The soccer manager on the verge of a major championship — and losing his job

Tottenham is in the bizarre position of being on the verge of a trophy it has long dreamed of to end a dreadful season it would otherwise rather forget.
Standing inside a small, Norwegian stadium north of the Arctic Circle this month, Ange Postecoglou, the manager of the English soccer club Tottenham, blew kisses to his wife in the crowd. Around him, players and fans who had made the trek joined in the celebration of a rarity in the club’s 142-year-old history: a berth in the championship final of a European tournament.
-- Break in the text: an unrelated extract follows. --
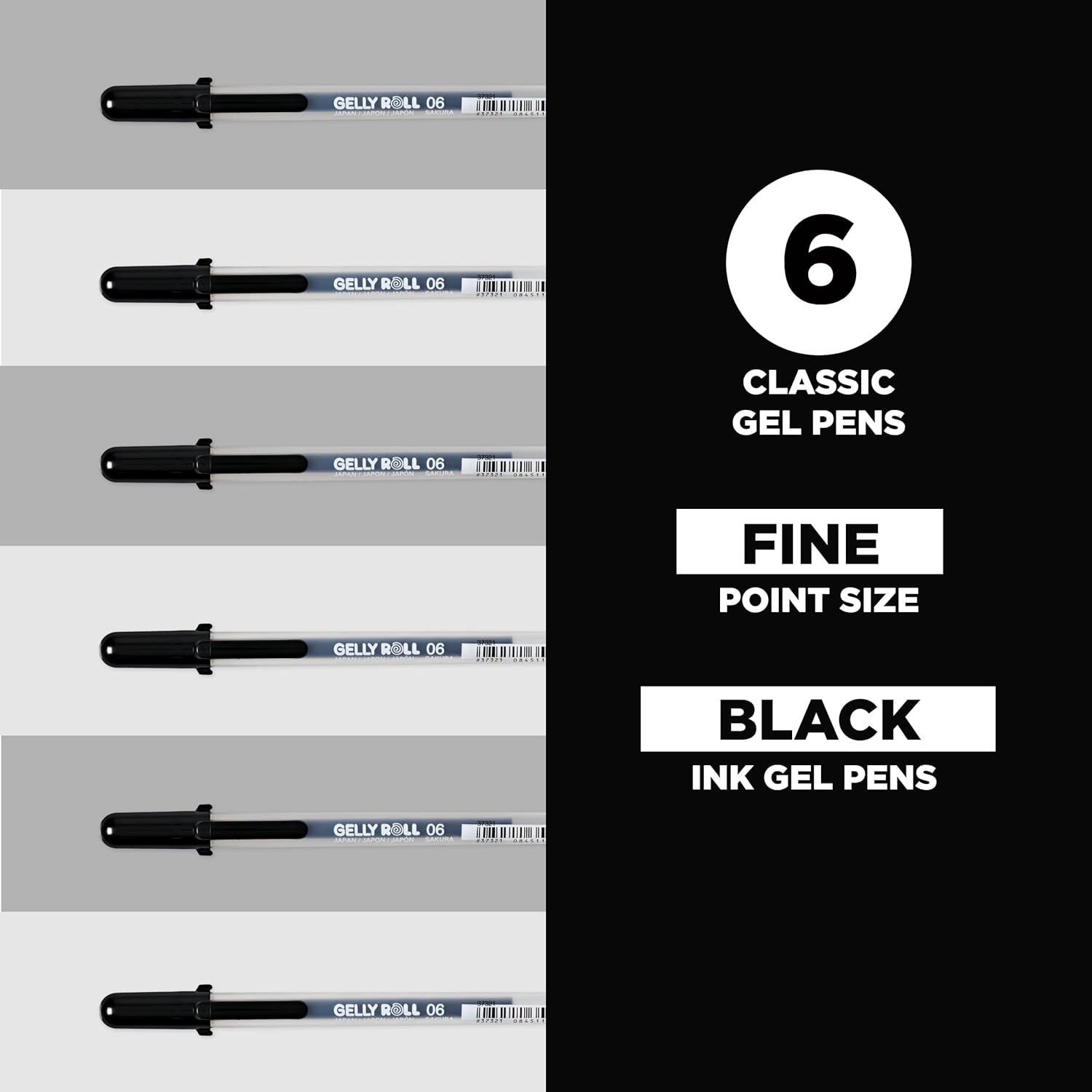 SAKURA Gelly Roll Gel Pens – Fine Point Ink Pen for Journaling, Art, or Drawing – Classic Black Ink – Fine Tip – 6 Pack

Tottenham’s palatial stadium in north London, modern practice facility and international fan base rival those of its biggest competitors in the sport’s richest league, the English Premier League. Its trophy case, however, does not. The club has not won a major trophy since 2008 or a major European tournament since 1984. Its history of coming close but failing to win during both the domestic season and the European championships that play out in parallel has spawned a pejorative description — “Spursy.”
That drought could soon end. And so, too, could the tenure of Postecoglou, the manager who got them there.
Because when Tottenham won in Norway to advance to Wednesday’s Europa League final against Manchester United in Bilbao, Spain, it put the club in the bizarre position of being on the verge of a trophy it has long dreamed of to end a dreadful season it would otherwise rather forget.
That discordant contrast between Tottenham’s awful Premier League season with its run to the Europa League final — which guarantees the victor a position in next season’s Champions League, Europe’s most prestigious club tournament, and millions in revenue that come with qualification — has reignited the debate of what defines success in the upper level of global soccer and whether a trophy would be enough to save Postecoglou's job.